RECORDS SUPPLIED START

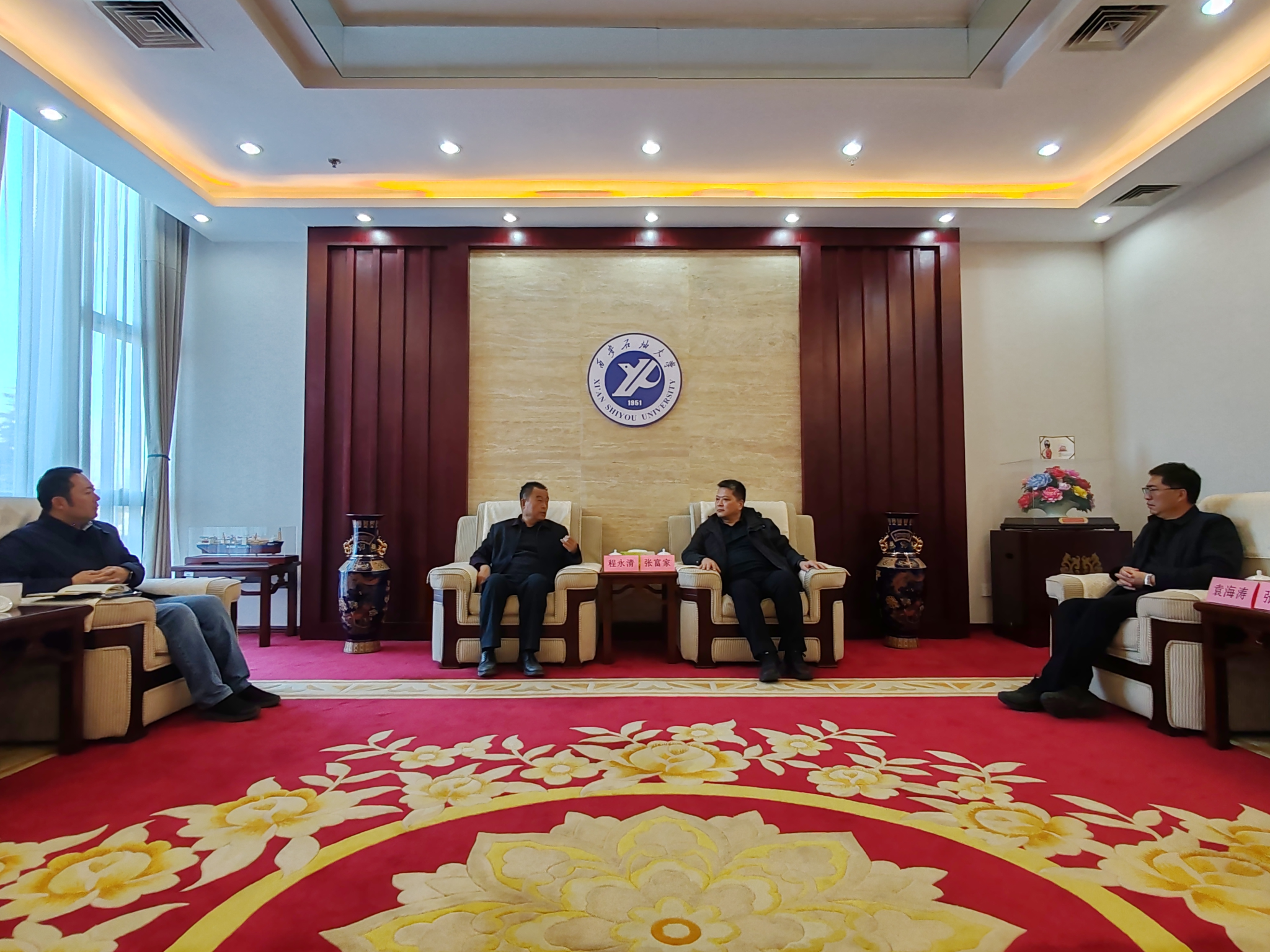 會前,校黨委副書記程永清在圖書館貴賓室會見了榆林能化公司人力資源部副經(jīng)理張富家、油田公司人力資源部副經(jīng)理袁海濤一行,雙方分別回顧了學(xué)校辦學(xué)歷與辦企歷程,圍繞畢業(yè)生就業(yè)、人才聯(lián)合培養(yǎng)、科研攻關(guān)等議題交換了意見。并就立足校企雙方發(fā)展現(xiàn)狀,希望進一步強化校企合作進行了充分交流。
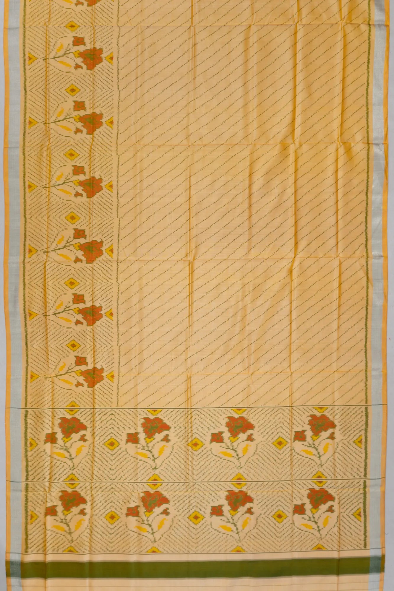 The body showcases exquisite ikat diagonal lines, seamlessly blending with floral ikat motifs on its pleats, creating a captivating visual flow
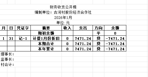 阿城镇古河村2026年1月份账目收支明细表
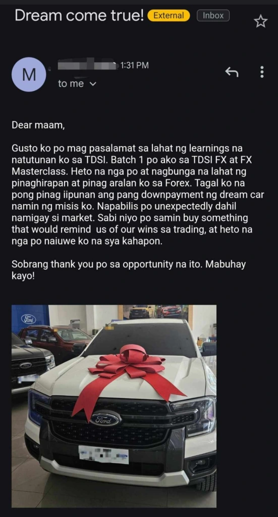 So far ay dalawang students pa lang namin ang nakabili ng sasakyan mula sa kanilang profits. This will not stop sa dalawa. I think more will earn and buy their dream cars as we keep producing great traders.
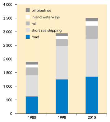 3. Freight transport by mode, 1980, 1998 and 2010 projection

RECORDS SUPPLIED END
RECORDS SUPPLIED START

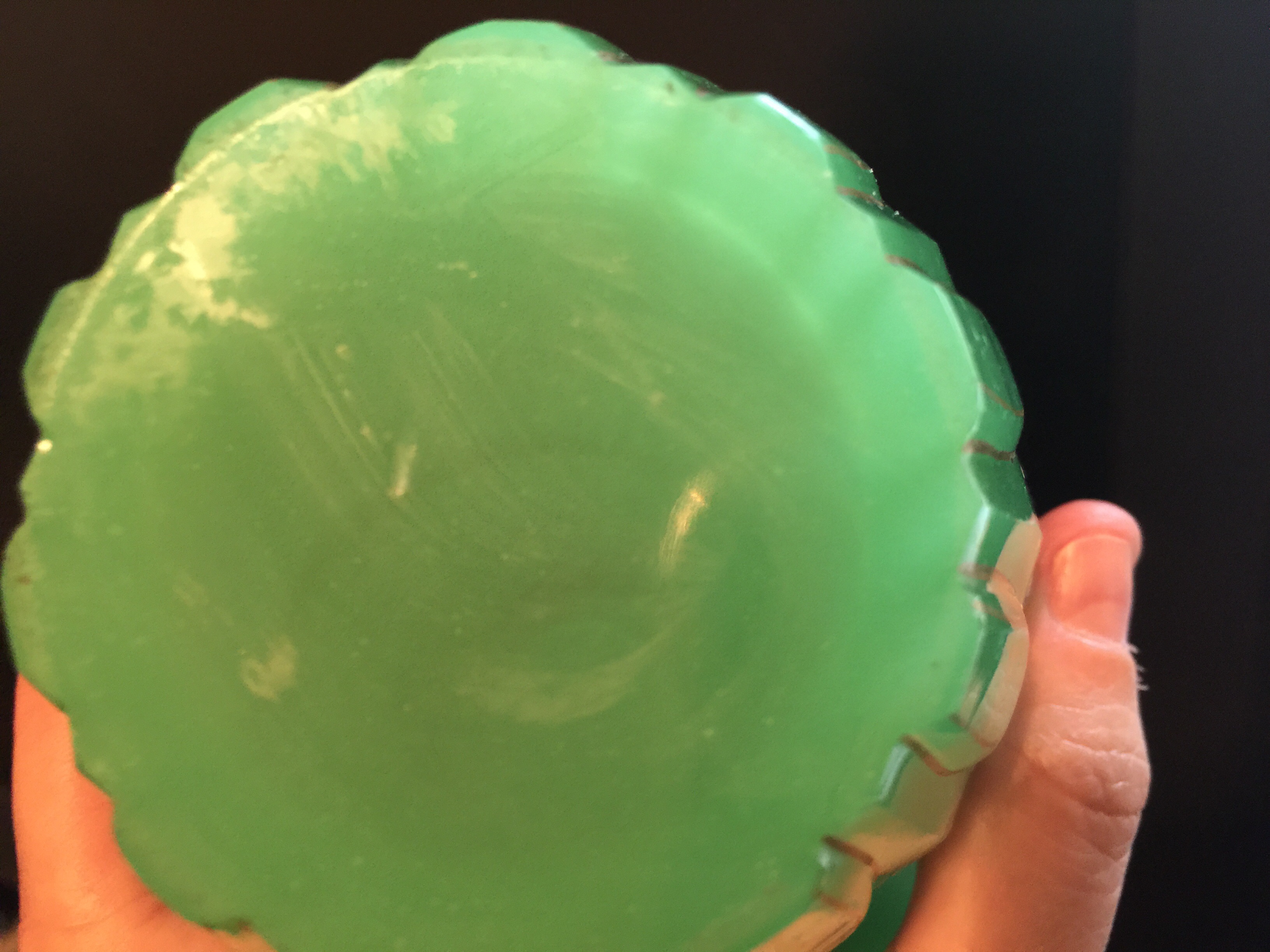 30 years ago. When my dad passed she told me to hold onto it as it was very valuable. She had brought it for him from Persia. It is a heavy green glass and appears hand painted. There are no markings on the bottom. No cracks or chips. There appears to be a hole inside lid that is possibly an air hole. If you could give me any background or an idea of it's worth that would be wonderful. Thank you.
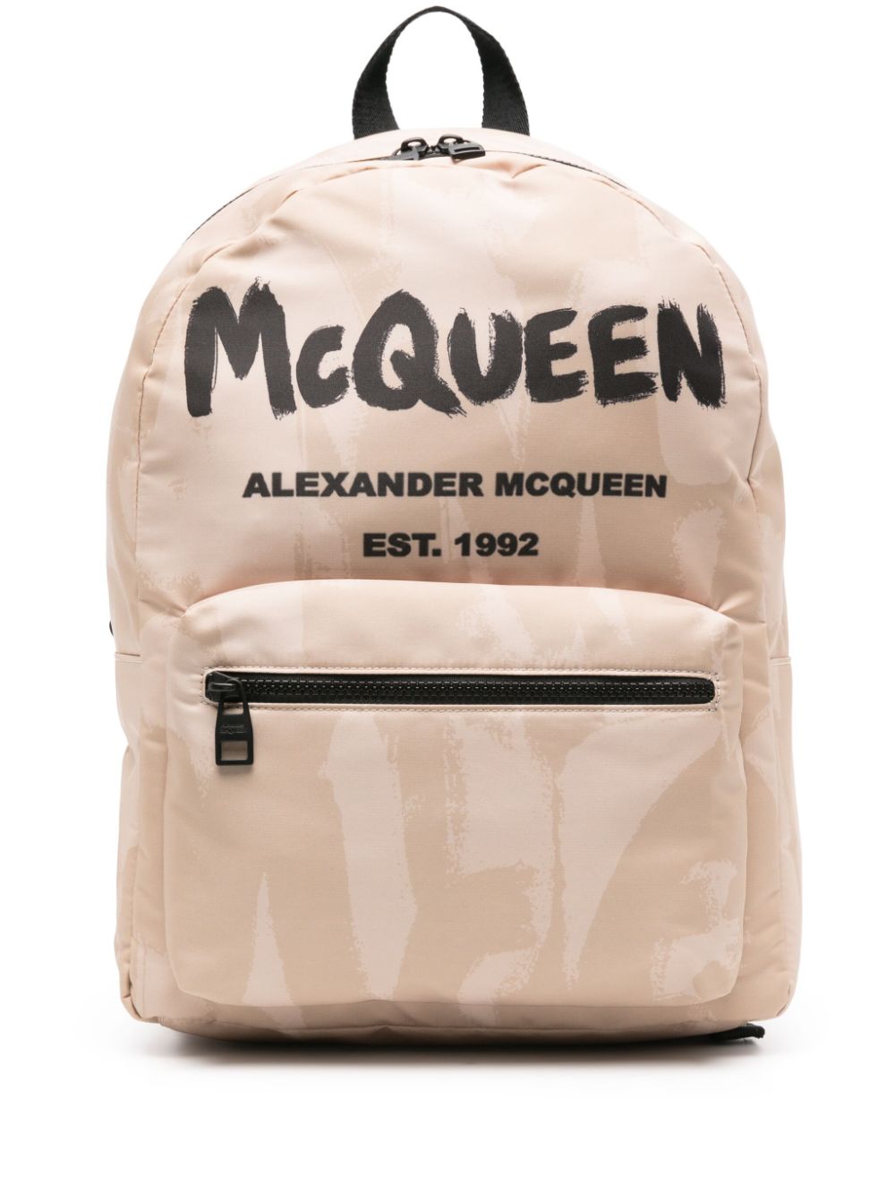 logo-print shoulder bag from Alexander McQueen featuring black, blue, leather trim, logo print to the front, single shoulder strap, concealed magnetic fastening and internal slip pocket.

RECORDS SUPPLIED END

◆ **TASK BRIEF**: Of all the material above, only the lines from the one that has "The body showcases" down to the one that has "3. Freight transport" are to be written out, exactly and with both ends included. Pictures are skipped.

◆ **ANSWER TO THE EXERCISE**:
 The body showcases exquisite ikat diagonal lines, seamlessly blending with floral ikat motifs on its pleats, creating a captivating visual flow
 阿城镇古河村2026年1月份账目收支明细表
 So far ay dalawang students pa lang namin ang nakabili ng sasakyan mula sa kanilang profits. This will not stop sa dalawa. I think more will earn and buy their dream cars as we keep producing great traders.
 3. Freight transport by mode, 1980, 1998 and 2010 projection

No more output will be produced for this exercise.